We flew into Istanbul and traveled through Turkey for about 2 1/2 weeks. After Turkey, we took ferry boats to several Greek islands, then flew to Athens and headed home after a total of four weeks on the road.

Inflation is a big problem in Turkey. The average annual inflation rate in 1999 was 64%. During the last decade inflation has averaged 72%. Three years ago, the exchange rate was 157,170TL/$1. Today, it's 635,070TL/$1.

On our first day in Istanbul, a nice lunch for both of us cost 8.5 million Turkish Lira. About $13 U.S.

If you live like the locals, it can be an amazingly cheap place to visit. Even the most touristy businesses only begin to approach U.S. prices.

Istanbul is a very large city that's packed with interesting sites. The Blue Mosque, Topkapi palace, Aya Sophia, the Underground Cistern, the largest and oldest bazaar in the world, and very old buildings and ruins are around just about every corner.

The cistern is where fresh water is stored for local use. Cisterns exist all around Istanbul. This cistern reuses architectural structures from other more ancient buildings. This was a common practice and parts of older buildings could be seen in the ruins of walls.

Turkey is almost entirely Muslim and it is evident as there are numerous mosques. Almost every mosque has at least one Minaret with several loudspeakers on it to enable a summon to prayer to be broadcast throughout the city five times per day. The most unfortunate prayer time is around 4:20 AM, when everyone is awakened by the call.

Mosques are large empty buildings with rugs everywhere for kneeling. Muslim men wash and clean all exposed parts of their bodies before each prayer, and prayers are always made while kneeling in the direction of the sunrise.

Well over half of Turkish women keep their heads and bodies completely covered. Older women go for the traditional black wraps from head-to-toe. Younger women have adopted oversized trench coats with arms so long that their hands are covered. Scarves cover the head.

Ever since the earthquake in 1999, tourism has suffered in Turkey. We never had a problem finding a hotel/pension/hostel and we will later in the trip be the only people at one hotel. There aren't many Americans here, but quite a few people from Australia and New Zealand.

Istanbul's population is about twelve million and growing, due to immigration from its troubled neighbor countries. Half of these twelve million people are carpet salesmen.

It's difficult to believe the density of carpet shops and the aggressive tactics used to get you into their shops. As a tourist, you are constantly called to by shop owners and other businessmen. They generally try to get your attention by saying "Yes, please..." which it turns out is someone's bad but popular interpretation of a non-translatable Turkish greeting.

Also popular are "Where are you from?", "What time is it?", "What are you looking for?" and the ever-popular "Can I help you?". Of course, these greetings all lead to a friend's carpet shop where a special deal can be made.

Everything in Turkey is to be bargained for. Hotels, goods, food, you name it.

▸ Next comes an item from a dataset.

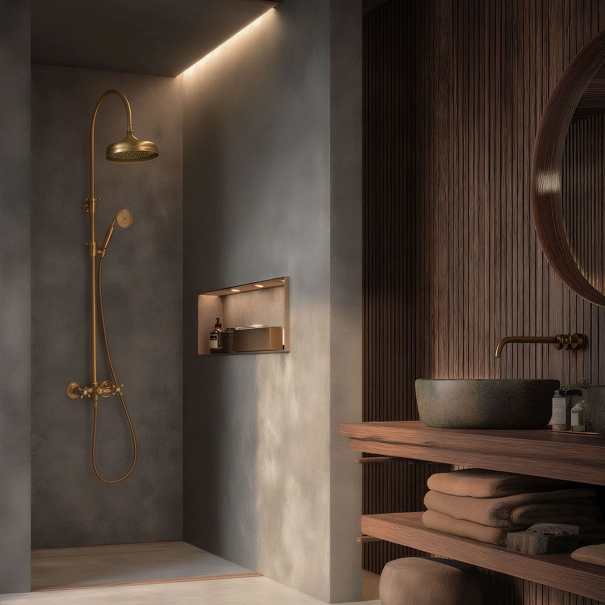 Interiorul în timpul iernii are un ritm propriu. Casele încep să strălucească din interior pe măsură ce lumina se înmoaie și aerul încetinește. În timpul sezonului de sărbători, căldura, introspecția și atenția la detalii sunt locurile unde se găsește luxul mai degrabă decât abundența.Baia, care este frecvent neglijată când vine vorba de decorarea pentru sărbători, este una dintre cele mai rafinate modalități de a adăuga acel lux subtil în casa ta. Întreaga atmosferă poate fi schimbată cu ajutorul elementelor de fixare corecte, în special cele cu finisaje aurii și bronz. Acestea transformă o zonă utilitară într-un refugiu calm, care este atât festiv, cât și clasic.Aceste metale nu cer atenție. Chiar și băile minimaliste sunt date un sentiment de măreție liniștită de strălucirea lor, care captează lumina blândă de iarnă și echilibrează tonurile reci de piatră și gresie.

It's a time consuming process, but no one's in a hurry.

The Evil Eye and Ataturk are as ubiquitous as mosques.

The Evil Eye is a symbol that is generally made of blue glass with an eye on it. It's intended to ward off the evil that can be conveyed by evil people looking at you.

Ataturk was a war hero and leader of Turkey who implemented many reforms aimed at modernizing Turkey. He is so greatly beloved that you will find his picture in every business and on every piece of currency. There is always at least one Ataturk statue in each city, and the main street in most towns is named - you guessed it - Ataturk.